2 Replies Latest reply on Jan 2, 2013 10:44 AM by 0x1b69a

    Viewing "Raw" Log Files

      Hello All,


      New to the community...Did a couple searches for this but couldn't find anything, maybe I was using the wrong search parameters.


      We've got some new firewalls in, and I've got successfully set them up as data sources for our Nitro Receiver. We have all the views enabled in the ESM, but I'm curious if there's a way to view the logs in a "raw" format, or the way would be seen in the firewall.  I get the whole correalation thing, but I want to know if the SIEM, with all it's capability, can perform the functions of a basic Syslog server as well, and allow me to simply browse through the logs.

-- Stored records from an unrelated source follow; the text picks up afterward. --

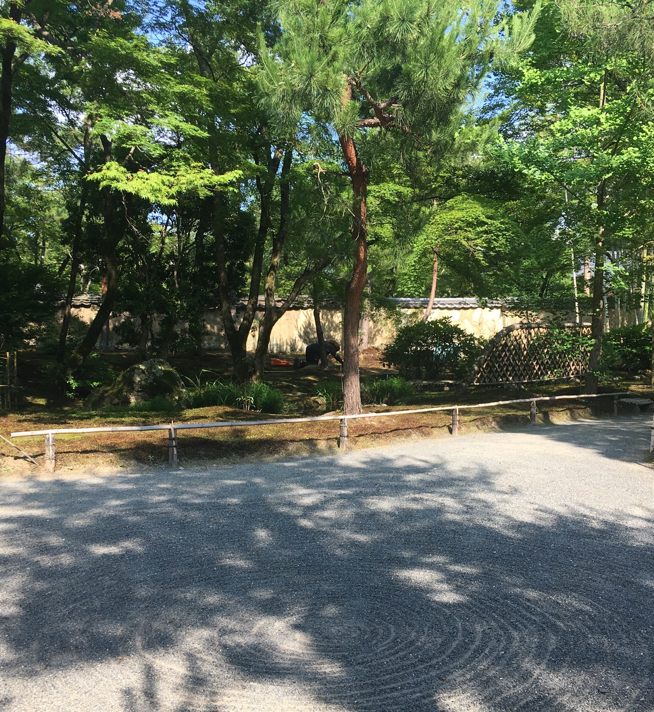 Getting things done fast was clearly not a priority. We didn’t see any other gardeners. How he did he keep it all up—was this such an old, established garden that it didn’t require much maintenance? That seemed unlikely. There were ponds and bridges, moss lawns and trees, and meticulously-raked sand.
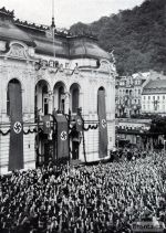 Tullio Cianetti, šéf italské fašistické Konfederace průmyslových dělníků na návštěvě v Karlových Varech 10. března 1939.-
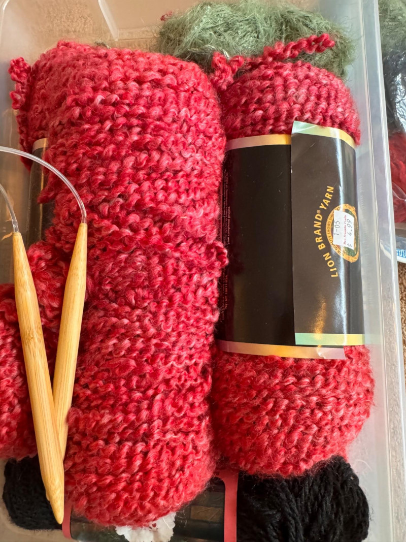 Assorted Knitting Supplies w/ Yarn, Needles & Other Tools.
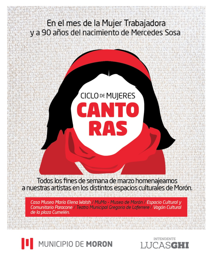 El Municipio presenta un ciclo protagonizado por cantantes en el marco del Mes de la Mujer Trabajadora y a 90 años del nacimiento de la entrañable Mercedes Sosa. Durante todo el mes, se ofrecerán espectáculos musicales gratuitos en diversos espacios culturales del distrito.
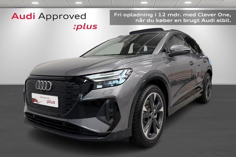 Audi Q4 e-tron Edition S line – veludstyret, sportslig el-SUV i tyfongrå metallak. Tyfongrå metallak og Sort optikpakke giver et skarpt, eksklusivt udtryk på vejen. Panoramaglassoltag sørger for et lyst og luftigt kabinemiljø for både fører og passagerer. Elektriske forsæder øger komforten og gør det nemt at finde den perfekte kørestilling. 20" alufælge i 5-Y-eget design i grafitgrå med glanspolerede detaljer understreger det dynamiske look. Svingbart anhængertræk gør det nemt og praktisk at tage trailer eller cykelholder med. En gennemført Audi Q4 e-tron Edition S line til dig, der vil kombinere design, udstyr og funktionalitet i hverdagen. Kontakt os for flere detaljer eller for at booke en prøvekørsel.
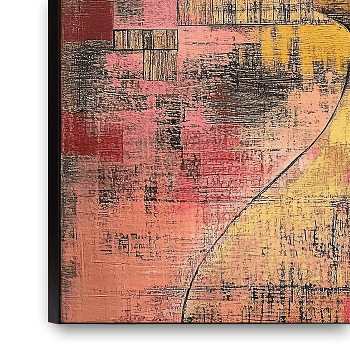 Details: abstract schilderij, vrouw schilderij, modern kunst, silhouette, roze, geel, zwart, kleur, vrouwenportret, hedendaagse…
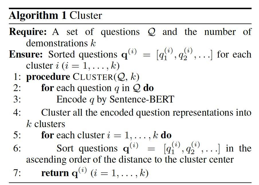Demonstration Sampling 算法如下所示。在对所有 clusters 进行 demonstration sampling 后,将有 demonstrations demonstrations 被用来 augment 一个测试问题 in-context learning 。具体而言,输入是所有demonstrations LLM 从而获得 reasoning chain ,最后是答案(Figure 4 的右边)。
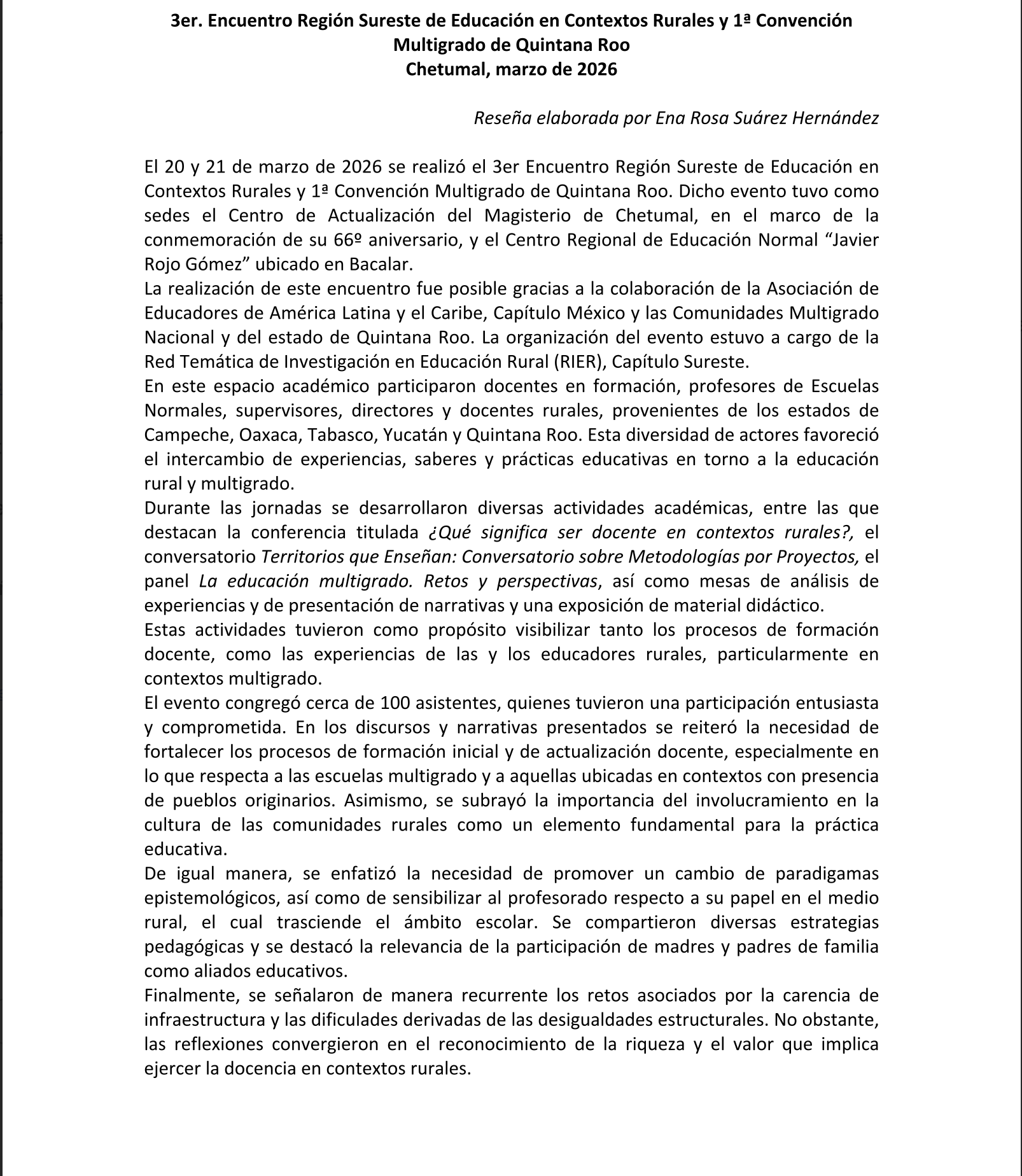 3er. Encuentro Región Sureste de Educación en Contextos Rurales Quintana Roo, 20 y 21 de marzo de 2026 23 Mar 26 Compartir:

      In the event we get asked to pull FW log traffic for a specific timeframe, I want to know that I can quickly and easily pull it up in Nitro. I understand I can do this locally in the FW, but we're using the ELM for long term log retention, so if I'm asked about traffic during a timeframe that's no longer stored on the locally on the FW, I should be albe to find the logs in Nitro.


      This Nitro product set is new to me, so forgive me if this has been asked and answerd or is available in a tech note or something elsewhere.





        • 1. Re: Viewing "Raw" Log Files

          Hello Brown,


          Do you know if you have the Enterprise Log Manager (ELM) as part of your solution?  If so, this is where your raw logs will be stored (whereas the ESM stores parsed/normalized/correlated events).  You can access them via the ESM in a couple of ways.  First, from the ELM Archive tab for a specific event:


          elm archive.png

          This tab will only be available if you are logging the events to the ELM.  Second place is the Advanced ELM search:


          Advanced ELM Search.png


          Third place is from the ELM System Properties which allows the same searching as the Advanced ELM Search view with the addition of integrity checks. 


          ELM Properties.png


          Hopefully this answers your questions. 



          • 2. Re: Viewing "Raw" Log Files



            Thank you very much! I actually found method number 2 on my own maybe 20 minutes before you responded, and I appreciate the response and confirmation that this is the correct way to do it. The raw logs are displayed in a bit of jumbled fashion, but I don't care. The necessary information is present to meet out log retention policy, and I typically have to "pretty up and dumb down" the info when it's sent up to management anyway.


            As for the other two methods, I was unaware of those.  I appreciate your help Kara!